Knowledge Check - Containers and CI/CD
Test your understanding of the key concepts from Module 3. Select the best answer for each question, then submit to see your results. You need to score at least 60% to pass.
A team wants to give one CI pipeline permission to push only to the taskboard/api repository and a separate pipeline permission to push only to taskboard/web, both inside the same IONOS Container Registry. They plan to create one token per pipeline with a per-repository push ACL. Why will this approach not work as intended?
IONOS Container Registry uses token-based docker login only with no RBAC. Tokens carry a Registry or Repository scope type, but fine-grained per-repository push/pull/delete ACLs are not available, so you cannot restrict a token to write to exactly one repository. Tokens are created through the IONOS API or DCD, not invented by the Docker CLI, which rules out the first option.
A developer pushed the TaskBoard API image to tue1608es.cr.es-vit.ionos.com/taskboard/api:abc123 and wrote a Deployment manifest referencing it. The pods fail with ImagePullBackOff. The image exists and the tag is correct. Which configuration is most likely missing?
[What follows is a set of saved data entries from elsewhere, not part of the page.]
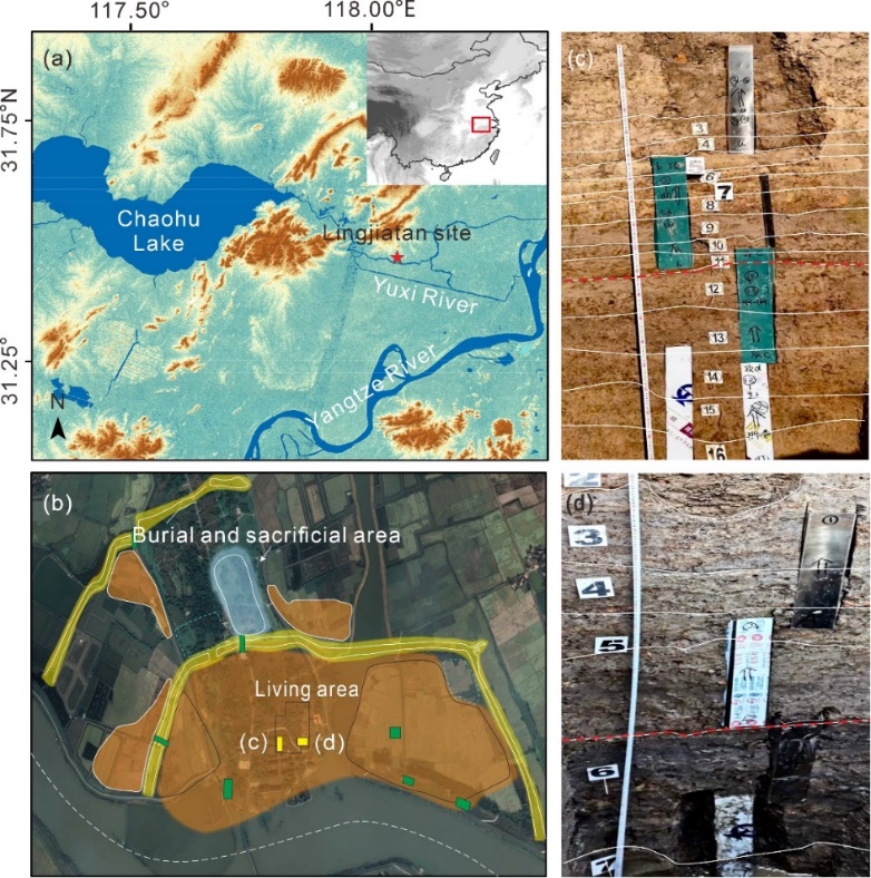 图1 凌家滩遗址位置(a)、遗址示意图(b)和遗址剖面图(c-d)
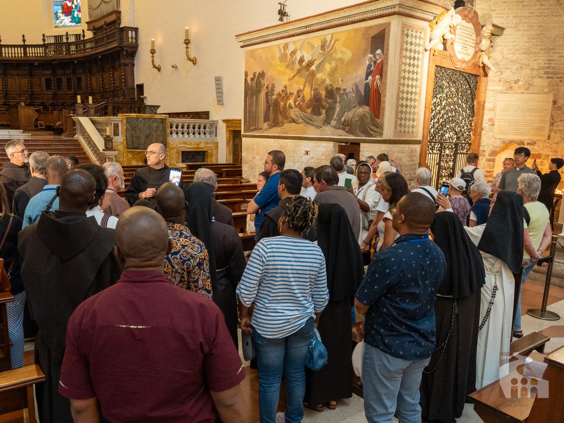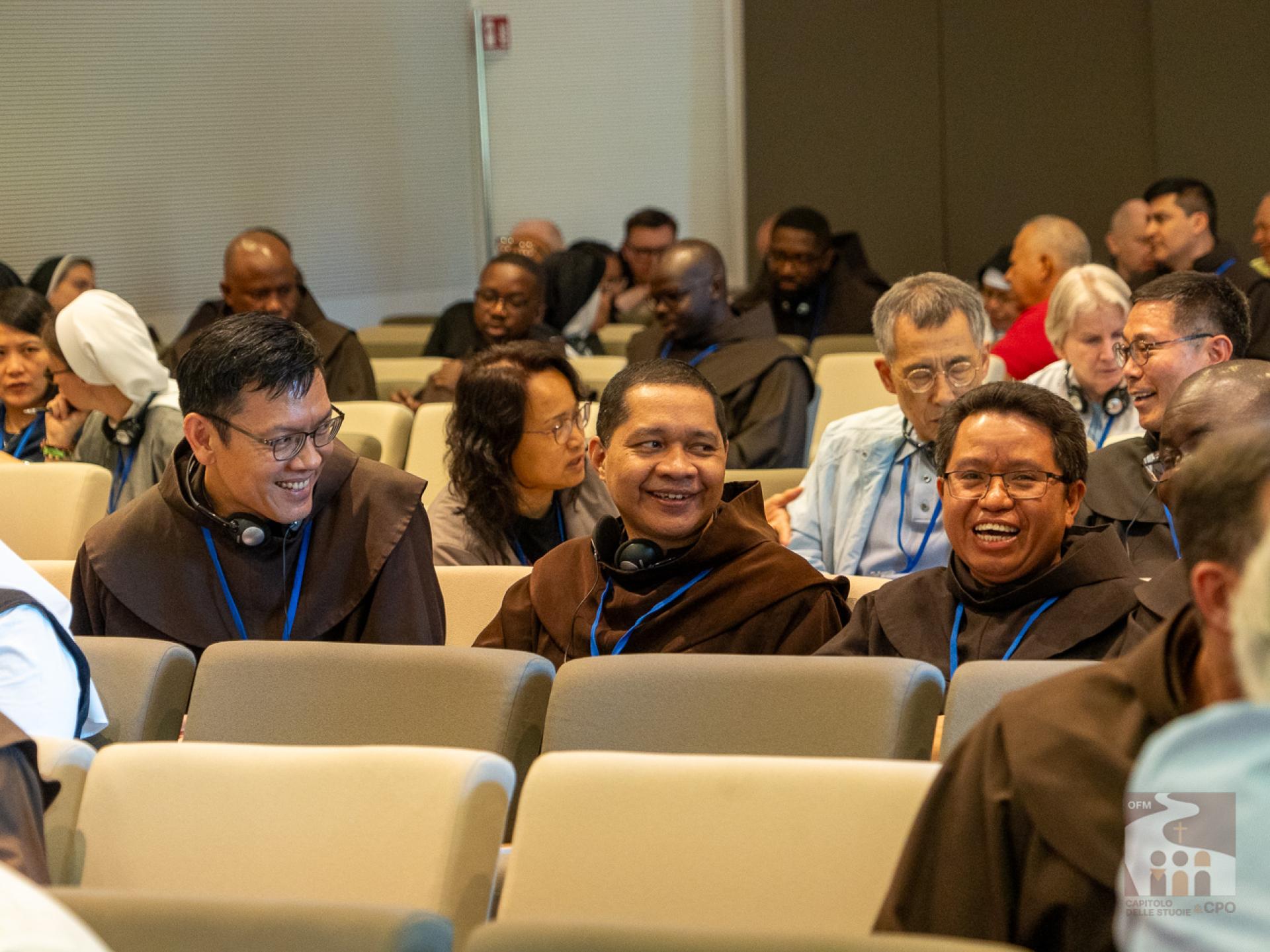 In the afternoon, after a guided tour of the Porziuncola, the assembly met in the Auditorium of the Domus Pacis for the presentation of the working methodology of the “World Café”. Starting tomorrow, in fact, the Capitulars will be divided into 18 tables and will actively participate in answering some questions in the Instrumentum Laboris, specifically three for each thematic nucleus (Charisma, Communion, Mission).
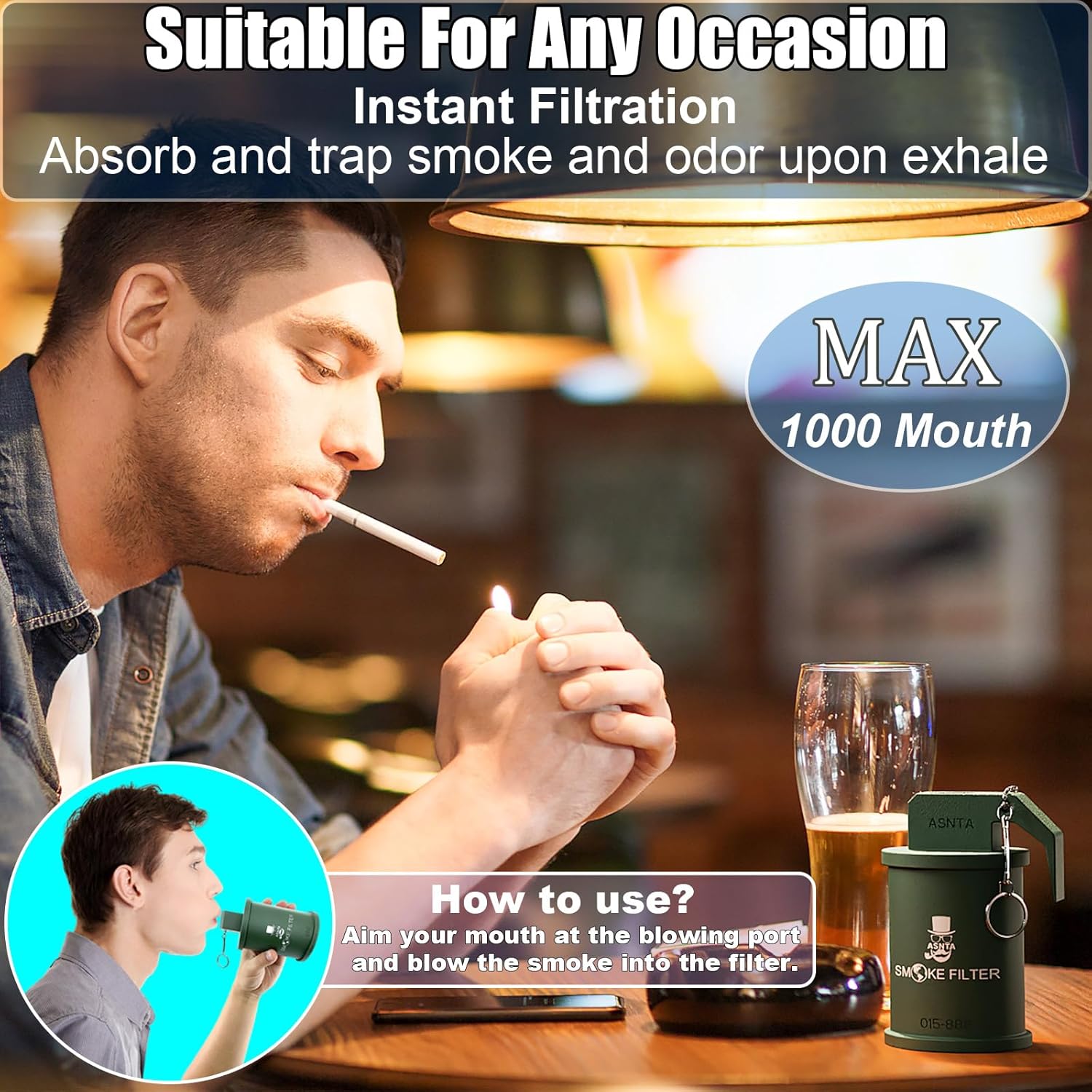 You exhale smoke directly through the device, and the activated carbon filter element inside absorbs smoke particles and odor compounds before the air exits the other side. It's a passive, blow-through design , not a fan-powered air purifier.

The IONOS Container Registry is private and requires authentication for every pull, so the kubelet needs credentials supplied through imagePullSecrets referencing a docker-registry Secret created from a registry token. Without it, anonymous pulls are rejected and the pods loop in ImagePullBackOff. A NodeSelector, Ingress, or ConfigMap does not provide pull credentials.
A developer creates a Kubernetes Service of type LoadBalancer on IONOS Managed Kubernetes expecting a dedicated external load balancer to be provisioned in front of the cluster. They later notice all traffic flows through a single worker node and throughput plateaus. What is the correct understanding of this behavior?
On IONOS Managed Kubernetes a LoadBalancer Service does not deploy an external load balancer. IONOS reserves a static public IP and attaches it as a secondary IP to a single worker node, which routes traffic into the cluster, so throughput is bounded by that one ingress node. To scale or to put a true managed load balancer in front, you provision an IONOS ALB or NLB separately, since these are not auto-created from Kubernetes manifests.
A GitHub Actions workflow builds the TaskBoard image, pushes it to Container Registry, and runs kubectl apply against Managed Kubernetes. The pipeline currently hardcodes the IONOS_TOKEN, the registry token, and the kubeconfig directly in the workflow YAML. What is the correct way to supply these credentials?
Pipeline credentials such as IONOS_TOKEN, the Container Registry token, and the kubeconfig must be stored as encrypted CI secrets and injected at runtime, never committed to source or baked into images. Committing to a private branch still places secrets in Git history, and embedding them in the image exposes them to anyone who can pull it. Minting credentials from an account password over Basic auth defeats least-privilege, per-service token scoping.
A bad image was rolled out to the TaskBoard API Deployment on Managed Kubernetes and pods are crash-looping. The previous image worked. The developer needs the fastest safe way to return the running workload to the prior version. Which command should they use?
A Deployment keeps a revision history of its ReplicaSets, so kubectl rollout undo reverts to the previous working revision with a controlled rolling replacement and minimal disruption. Deleting the Deployment causes downtime and discards rollout state, while terraform destroy tears down the entire cluster. Scaling to zero replicas removes all pods without restoring any prior version, since the Deployment spec still references the bad image.